This is potentially one of the most bogus and crass attempts yet, as the FBI rushes to grandstand over what appears to be another case of entrapment, joined by a media keen to push the fear envelope in America in the wake of last week’s international terror event in Paris.

Eager to capitalize on the media wave generated by the Paris Attacks, jobsworth FBI agents decided to accelerate the frame-up of 20 year old Christopher Lee Cornell (photo, left) from Cincinnati, Ohio, claiming the youth was planning a “pipe bomb attack” against the nation’s Capitol in Washington DC.
Amazingly, US media jumped all over this story, trying to somehow tie it to Paris, and also claim that Cornell was “linked to ISIS”, and that this was somehow an “ISIS-inspired attack”, only no attack actually took place.
It was soon revealed that the young Cornell, who was employed part-time and living at home with his parents and who had “showed interest in converting to Islam”, was suddenly ‘befriended’ by another man who was playing the role of informant, under the direction of the FBI. The informant had pending criminal charges against him and as part of his plea, he had to work as a low-level undercover, or ‘confidential’ federal informant, working with the FBI to help to lead on, and eventually entrap new potential terror suspects.
The FBI admit that their informant was tasked to help ‘suspect’ Cornell “develop his plans” to supposedly carry out a random act of terror. In other words, the FBI’s snitch appears to have egged-on Cornell into fantasizing about terror attacks on Washington DC and choosing political targets. It is highly unlikely that Cornell would have conjured up such radical idea on his owns, or even gone to the gun store where he was reportedly ‘taken down’ by the FBI on Wednesday.

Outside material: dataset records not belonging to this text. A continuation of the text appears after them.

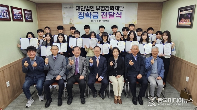 재단법인 부평장학재단(이사장 조진형)이 지난 18일 재단 사무국에서 ‘2026년도 장학증서 전달식’을 개최하여, 이사회 심의를 통해 장학생으로 선발된 대학생 27명에게 개인별 장학금 500만원씩 총 1억3,500만원을 전달했다고 밝혔다.
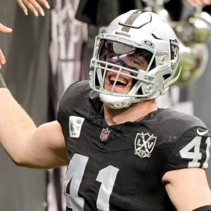 by Matthew Seeman Mon, March 10th 2025 at 12:37 PM LAS VEGAS, NEVADA – JANUARY 05: Robert Spillane #41 of the Las Vegas Raiders high-fives fans as he takes the…
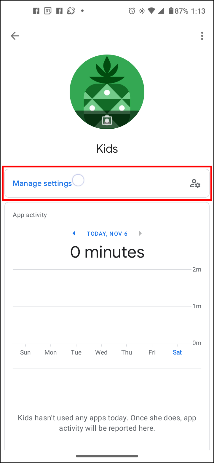- In your child’s profile, tap on Manage settings towards the top if it appears, and then skip to Step 8. Otherwise, continue to Step 7.

Incredibly, the FBI claimed that Cornell was “taking the final steps” to travel to Washington DC for “the attack”, when he allegedly purchased two semi-automatic rifles and 600 rounds of ammunition from an Ohio gun store.

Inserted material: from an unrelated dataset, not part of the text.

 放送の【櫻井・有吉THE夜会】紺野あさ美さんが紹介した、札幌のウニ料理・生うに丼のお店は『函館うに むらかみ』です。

The FBI’s entrapment squad gallantly swooped-in to arrest Cornell and then charged him with “attempting to kill a U.S. government official in Washington DC”, even though he had not yet stepped foot outside of the local town. The FBI then goes on to claim – on the basis of their own criminal-turned-informant’s fantastic testimony – that Cornell had allegedly planned to detonate pipe bombs at national landmarks, and that “the suspect would have opened fire on any employees and officials fleeing after the explosions”, according to government documents. 
According the Cornell’s father, John Cornell Sr., his son Chris only had $1200 saved in his bank account from his part-time job, and did not have the money or additional funds required to afford  $800 for the fire arms he is said to have gone to purchase yesterday.
Cornell’s father stated live on air with CNN last night that the FBI would have had to give his son the money for the guns, because there was simply no way Chris could have afforded to buy such expensive firearms and ammunition – much less afford to travel to the capital in Washington DC for what the FBI claims would have been a ‘suicide mission’. “These guns cost almost $2,000. Where did that money come from? Well, it came from the FBI,” John Cornell Sr. said. “They set him up.”

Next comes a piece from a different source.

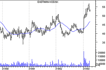 Рис.24 Долгосрочные тенденции обычно отслеживаются с помощью 200 дневного скользящего среднего. Для автоматического определения оптимальной длительности периода расчета можно прибегнуть к компьютерным программам по техническому анализу. Если не учитывать комиссионные, большая прибыль обычно достигается при использовании более коротких скользящих средних.

The father maintains that there is no way his son could have contrived the alleged ‘terror plot’ on his own.

“He told me he had went to a mosque and now I know, in hindsight I know, he was meeting with an FBI agent,” he told ABC News. “And they were taking him somewhere, and they were filling his head with a lot of this garbage.”
There are also some reports circulating around this story, that the gun shop may have been contacted by FBI agents approximately two weeks before the arrest, in effect giving them a ‘heads up’ about the impending arrest.
The FBI first began targeting Cornell several months ago, after another informant tasked at monitoring social media had notified the agency that Cornell had developed opinions which seemed to support “jihad”using the Twitter alias, “Raheel Mahrus Ubaydah”. Cornell is also accused of posting videos and statements (Tweets) which appear to have “expressed support for ISIS”.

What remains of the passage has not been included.